#### Given information:
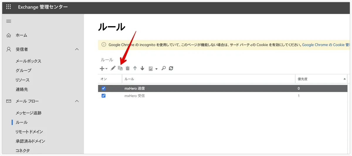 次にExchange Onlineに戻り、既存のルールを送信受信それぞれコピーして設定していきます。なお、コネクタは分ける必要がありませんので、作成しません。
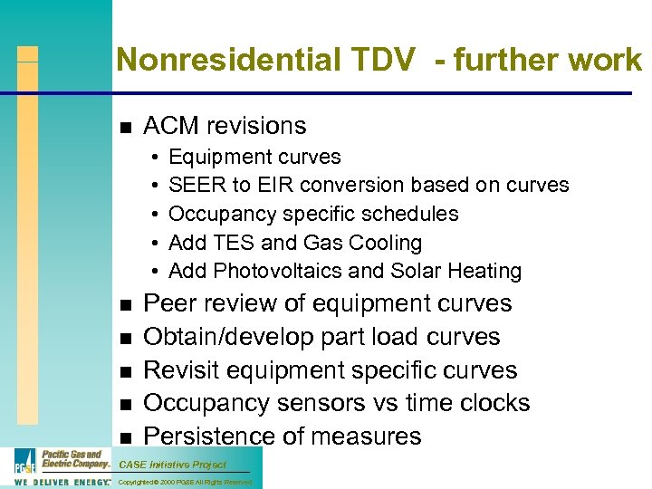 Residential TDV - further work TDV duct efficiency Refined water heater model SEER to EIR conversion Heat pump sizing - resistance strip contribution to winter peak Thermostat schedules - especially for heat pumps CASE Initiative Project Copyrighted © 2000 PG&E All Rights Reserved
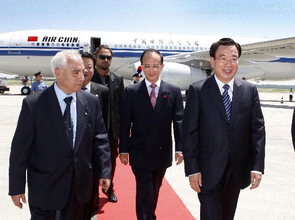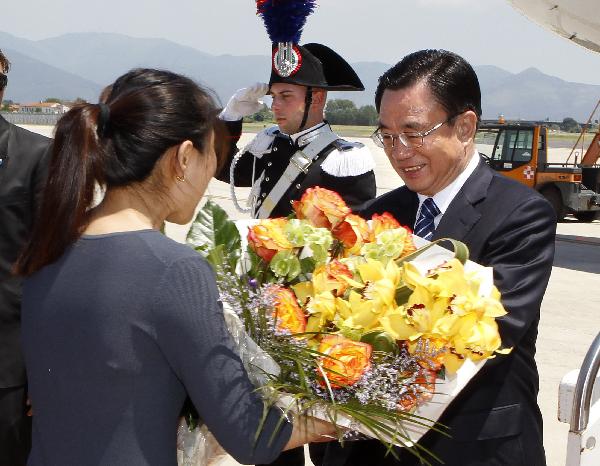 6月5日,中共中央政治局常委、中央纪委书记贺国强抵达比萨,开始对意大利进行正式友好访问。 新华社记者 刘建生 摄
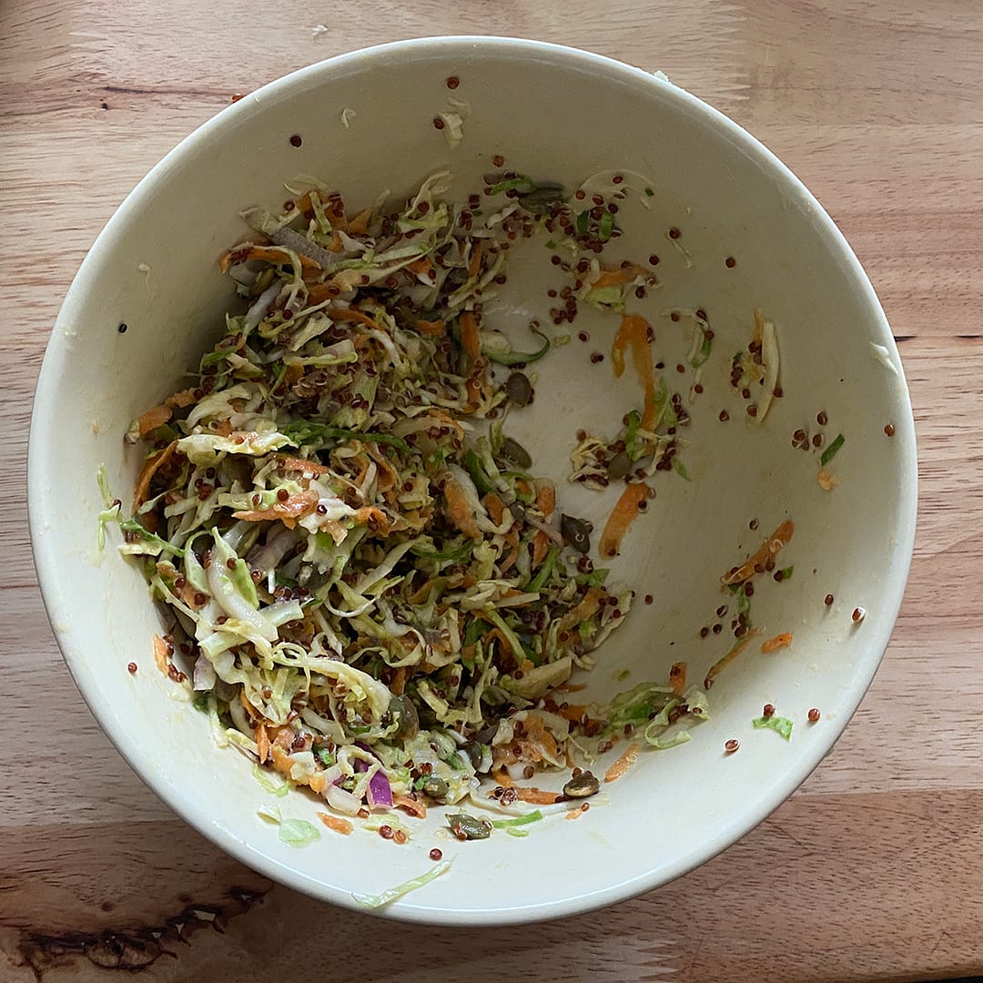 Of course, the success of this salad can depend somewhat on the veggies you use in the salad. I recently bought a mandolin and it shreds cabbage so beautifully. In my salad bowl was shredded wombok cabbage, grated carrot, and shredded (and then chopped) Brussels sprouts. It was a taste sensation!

#### Assigned task:
Give back the data verbatim. The pictures are not part of the copy.

#### Answer area:
 次にExchange Onlineに戻り、既存のルールを送信受信それぞれコピーして設定していきます。なお、コネクタは分ける必要がありませんので、作成しません。
 Residential TDV - further work TDV duct efficiency Refined water heater model SEER to EIR conversion Heat pump sizing - resistance strip contribution to winter peak Thermostat schedules - especially for heat pumps CASE Initiative Project Copyrighted © 2000 PG&E All Rights Reserved
 6月5日,中共中央政治局常委、中央纪委书记贺国强抵达比萨,开始对意大利进行正式友好访问。 新华社记者 刘建生 摄
 Of course, the success of this salad can depend somewhat on the veggies you use in the salad. I recently bought a mandolin and it shreds cabbage so beautifully. In my salad bowl was shredded wombok cabbage, grated carrot, and shredded (and then chopped) Brussels sprouts. It was a taste sensation!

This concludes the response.